Governor Says Concussion Did Not Occur While Playing ‘Pokemon Go’
Published July 31st, 2016
ALBANY— Gov. Andrew Cuomo is denying reports the head injury he suffered Thursday while walking through the Capitol was the result of an obsession with the wildly popular augmented-reality app Pokemon Go.
“I was not playing on my phone,” the governor told reporters Friday. “I had my head down and I was looking over my DNC speech. Then I hit something hard and the lights went out. I know, dumb, right?”
Cuomo's statement contradicts that of a source close to the administration who told the Smudge that New York's head honcho was hunting virtual Pokemon characters on his iPhone seconds before he walked headfirst into a marble column.
“I was walking to the bathroom when I heard the governor yell, 'There's a Pidgeotto! There's a Pidgeotto!'’” said Ronald Jeezly, the source who spoke to the Smudge on condition of anonymity. “Pidgeotto's are elusive creatures, so I followed him. Then, bam, he hit the wall and crumpled to the floor.”
Jeezly, who admitted he captured the Pidgeotto himself before calling for help, said while Cuomo was lying unconscious on the floor a familiar shiny silver-blue icon began to swirl on his screen.
“Cuomo hit level-22 with that catch,” said Jeezly. “He's a player.”
Since its release earlier this month, Pokemon Go — which allows players to walk around collecting supplies, capturing characters and engaging in Pokemon battles — has taken the mobile-gaming world by storm. Its overloaded servers garnered 100,000-plus downloads on Google's Play store and has topped iTunes charts.
While some praise it for its attempt at improving the mental and physical health of its players, it’s been criticized for causing accidents and for drawing people into dangerous, or private, places in search of imaginary creatures.

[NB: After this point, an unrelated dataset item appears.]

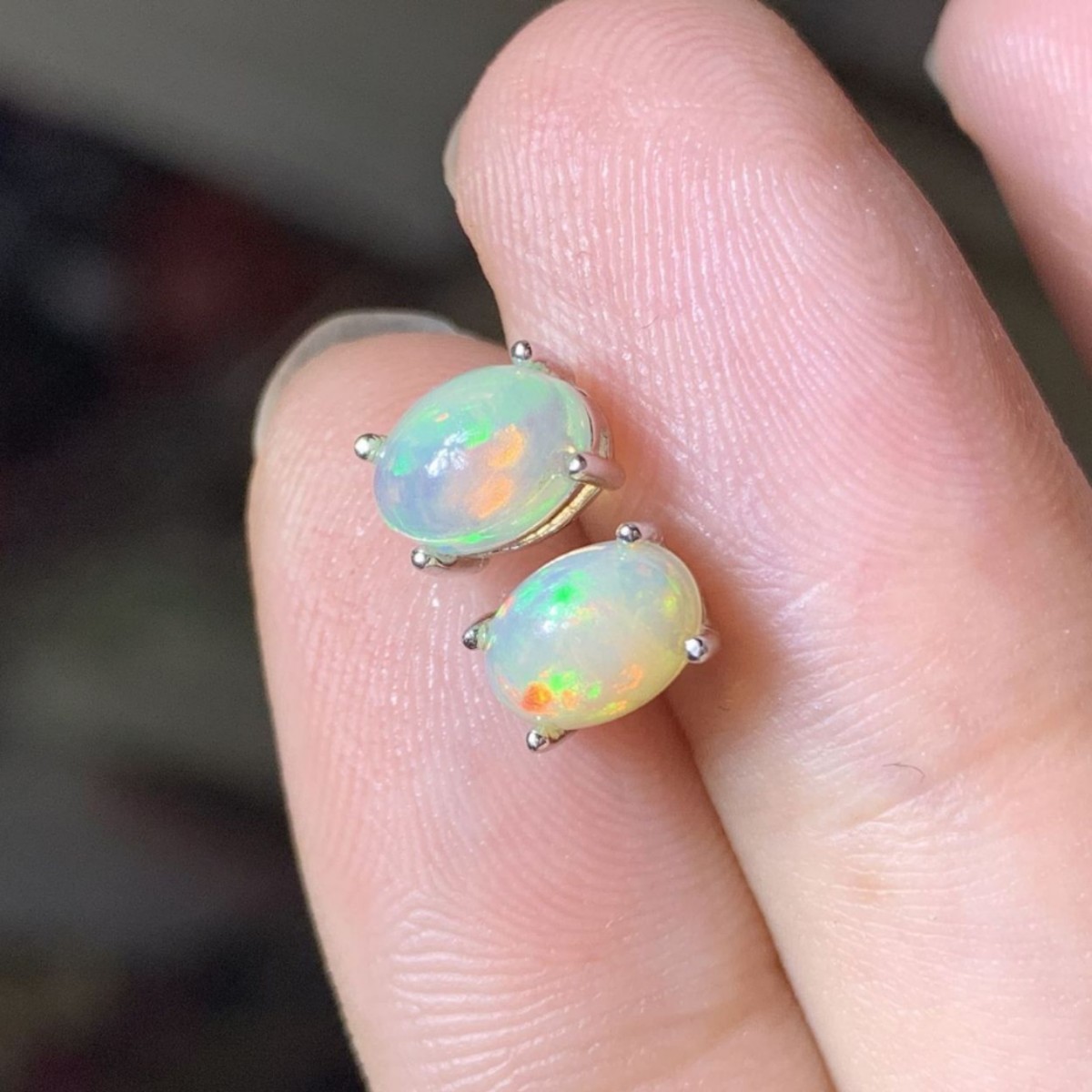 天然オパールイヤリング 925シルバー製 オパール象嵌イヤリング 卵型8x6mm オパールイヤリング

“If the governor's playing Pokemon Go on the taxpayers’ dime, that's one thing,” said Manhattan-based U.S. Attorney Preet Bharara. “But I'm more worried he's going to start breaking into homes and business's because he thinks they're Pokestops.”
Cuomo, meanwhile, brushed off reports that he's planning to break his own ban on travel to North Carolina in order to capture a rare Pokemon character called Squirtle, which has been sighted in Asheville.
“Why would I go to North Carolina to capture a Squirtle when there have been plenty of Squirtle sightings in non-transphobic states?” Cuomo asked rhetorically before adding, “Err… um… What I mean to say is, what's a Squirtle?”